Well! I, too, care about the answers to those questions — so I did the long-form math. I hauled out a tax worksheet and subtracted my business expenses and re-read Josh Fruhlinger’s Surefire Tax Estimating Process for Freelancers, in an attempt to figure out whether I was saving too much Billfold LLC money for taxes and whether I could use that money to pay more freelance writers instead.
It turns out that the money I had currently set aside using the “25 percent of the gross” method was almost exactly what I was scheduled to owe using the long-form math method. Like, within a couple hundred bucks. Sometimes the standard business advice is just as good as spending time hunched over tax worksheets!
I am going to ask my CPAs what might happen if I increased my business expenses, because that should decrease my tax burden a little bit — but I also have to be careful to not run my business at a loss, and I have to make sure that I have enough money left over after “gross minus expenses minus taxes” to give myself reasonable compensation (yes, that is an IRS term). Finding that balance is one of my goals for Q4 2018.

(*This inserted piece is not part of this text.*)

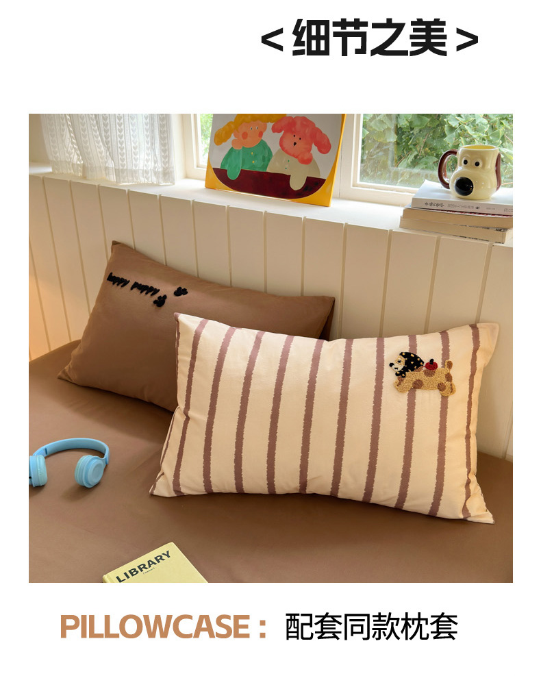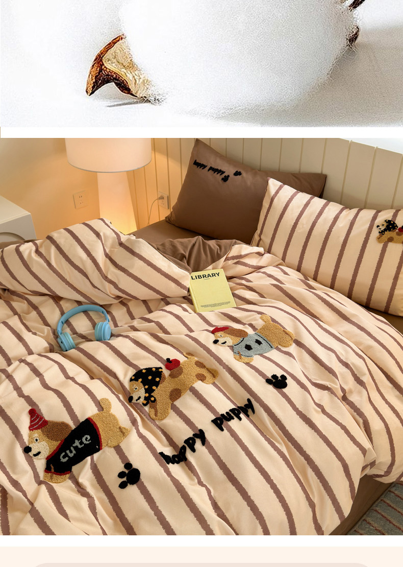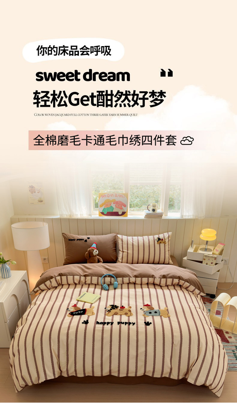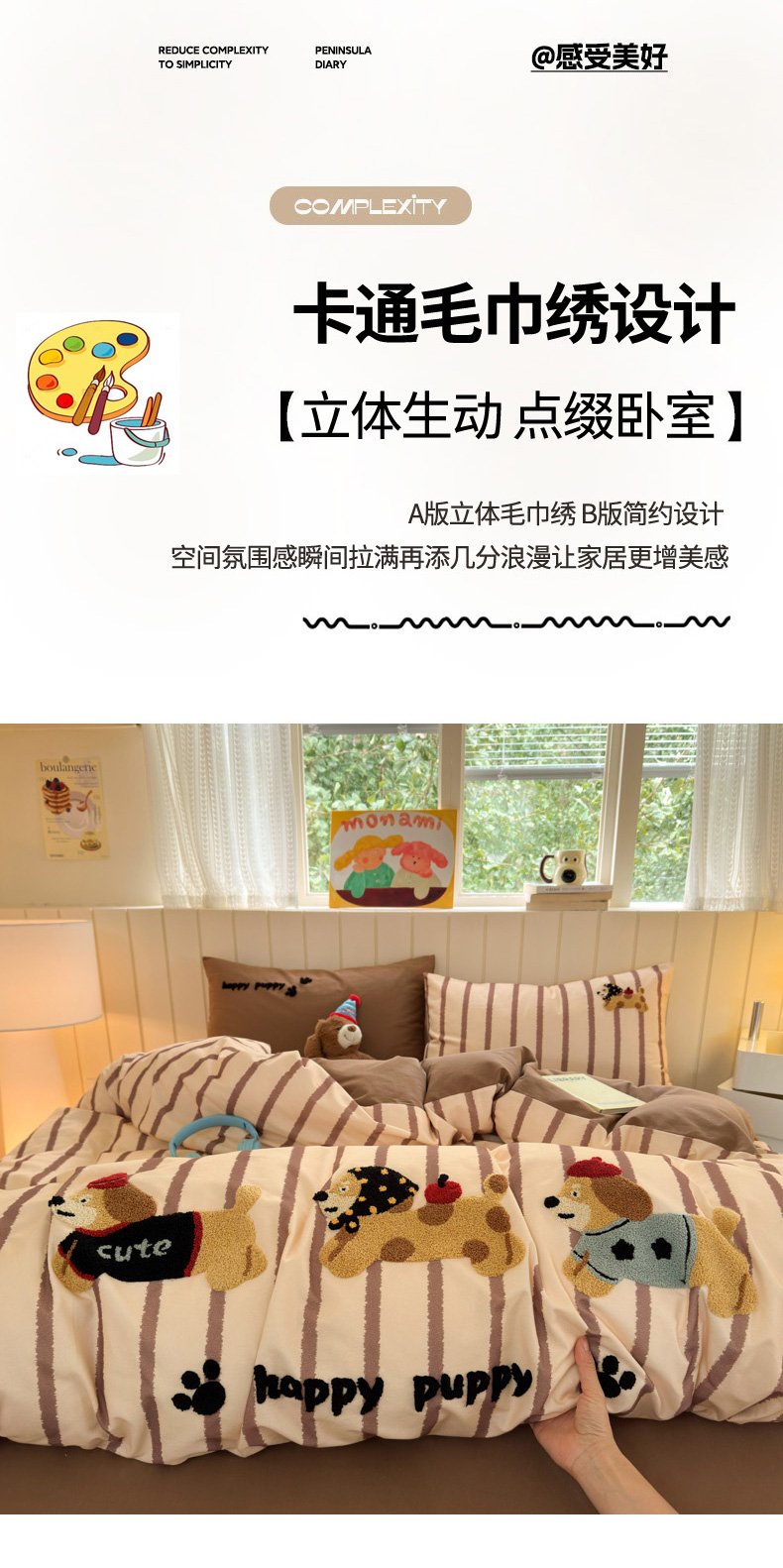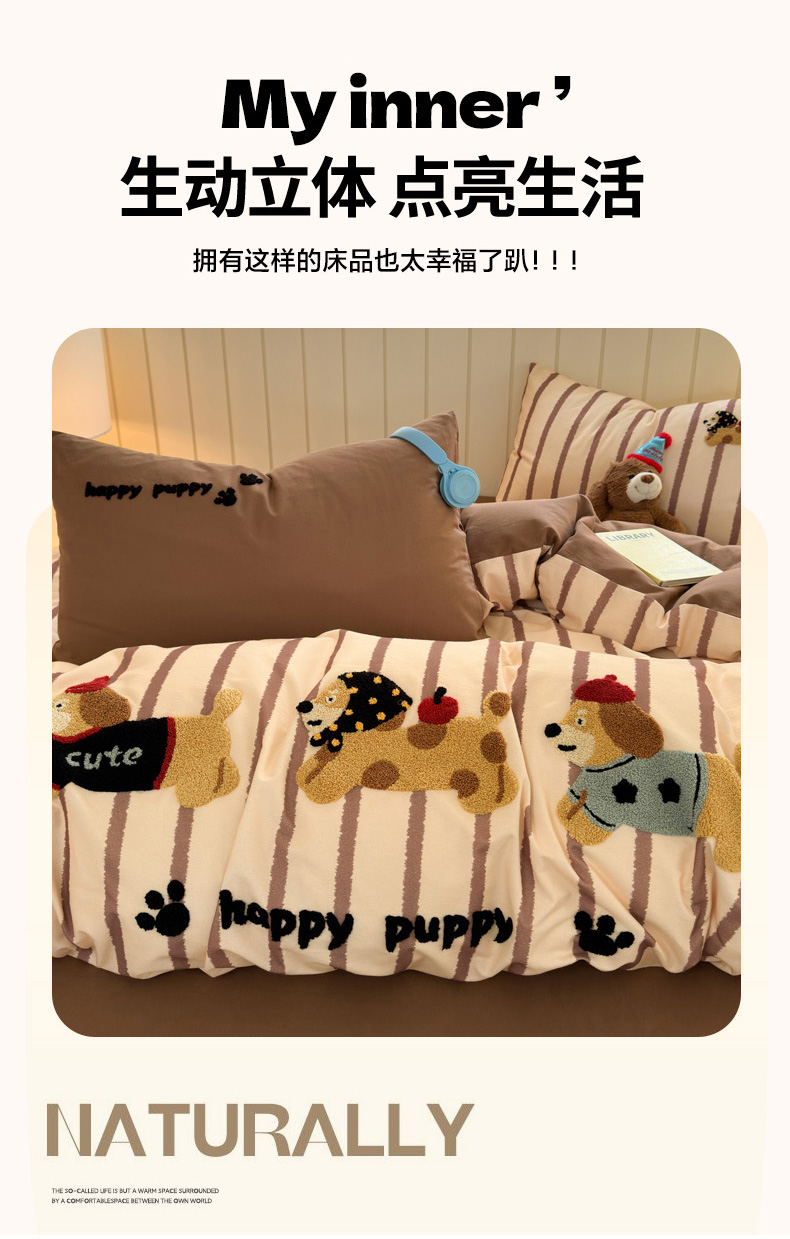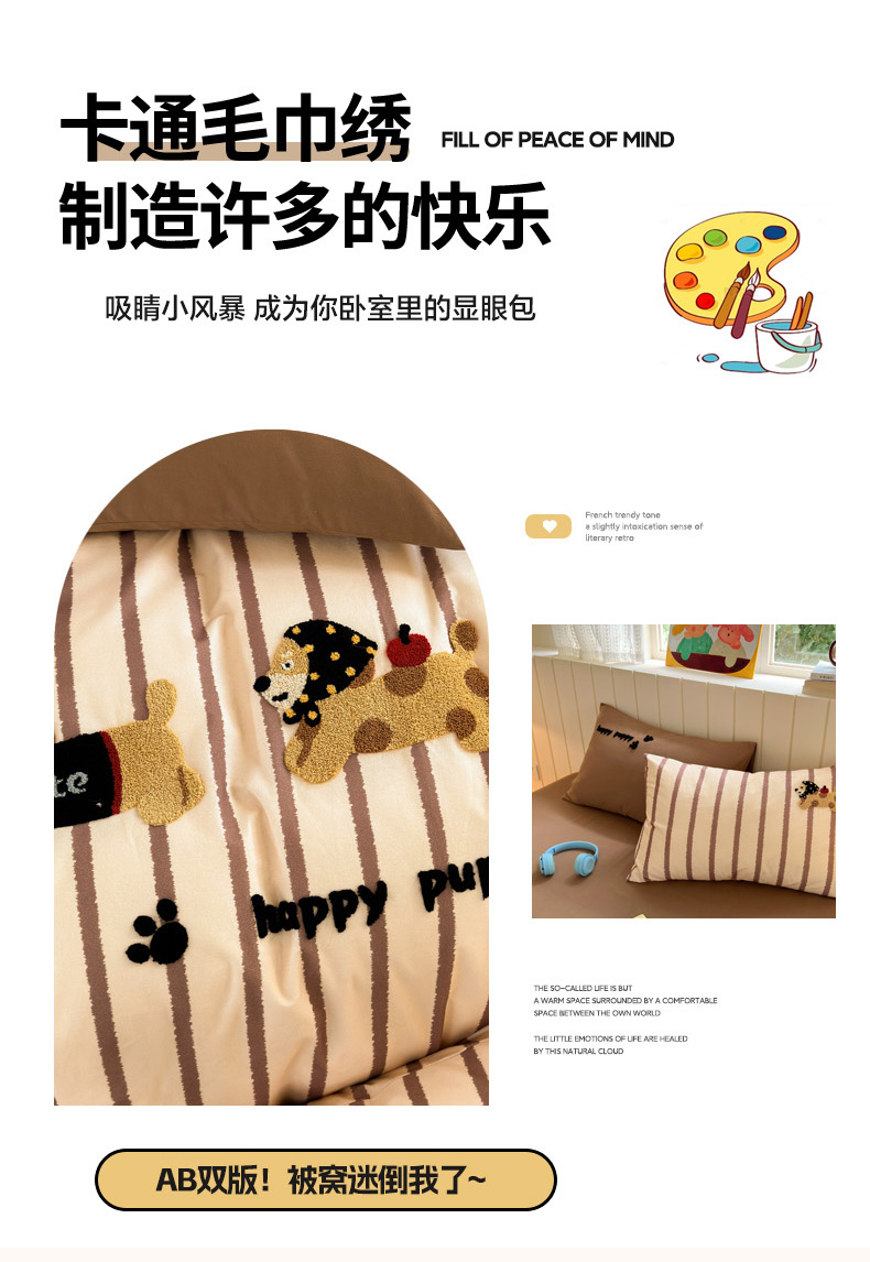 当前位置: 91家纺网 > 商品网购 > 床品套件 > 四件套 > 毛巾绣四件套 > 如意朵 2025新款全棉磨毛卡通毛巾绣四件套(专版花型)-场景二 快乐小狗

There are two more pieces required before I can ensure this whole thing is perfectly balanced:
- Since both The Billfold LLC and my sole proprietorship freelance work go on my personal tax return (on two separate Schedule Cs), I’ll end up getting pushed into the 24 percent tax bracket. (Yes, I know that means I only have to pay 24 percent on every dollar above $82,501, we don’t need to rehash how tax brackets work.)
- Since my income has increased (even though only a portion of this increase is getting distributed into my personal bank account), I will very likely have to pay back most, if not all, of my health insurance subsidy. That’s an extra $3,600 I could owe on my taxes, so I need to figure out where that money is coming from. Should I be setting aside more than 25 percent, and can that money pull from both my freelancing gross and The Billfold LLC’s gross? I’m going to be meeting with the CPAs this fall to discuss all of this, and I’m sure I’ll tell you everything I learn!
You can pay your single-member LLC estimated taxes in the same payment as your other freelancing estimated taxes. I assumed that you had to pay LLC taxes separately, maybe with the business legal name and TIN, but you don’t. Since a single-member LLC gets taxed on your personal tax return, you can hop on DirectPay.IRS.gov and pay your LLC estimated taxes using your own name and Social Security Number, and you don’t even have to separate your LLC estimated taxes from your other freelancing estimated taxes — you can make ’em all in the same payment.
UPDATE: as I recently learned, DirectPay.IRS.gov will not accept estimated tax payments from a business bank account. So if you’re doing estimated taxes this way, make sure you transfer your tax money into your personal bank account first. Also, reconfirm with your CPA that you should be making personal tax payments, not business tax payments. As a single-member LLC, I’m making personal tax payments.
Don’t forget about state estimated taxes, either — or any local business or city taxes you might owe!
So. That’s what I’ve learned so far about paying LLC estimated taxes, none of which I was expecting. If you have a single-member LLC and you do it differently, I’d love to hear how your taxes work — I’ve worked with enough CPAs by now to know that they often give different advice, so if you’re doing something wildly different, I could bring it up at my next CPA meeting (or you could, at yours).
Also, if you’re thinking about starting a business, be aware that this is at least part of what you’ll be getting yourself into. Fortunately — at least in The Billfold LLC’s case — it’s totally worth it.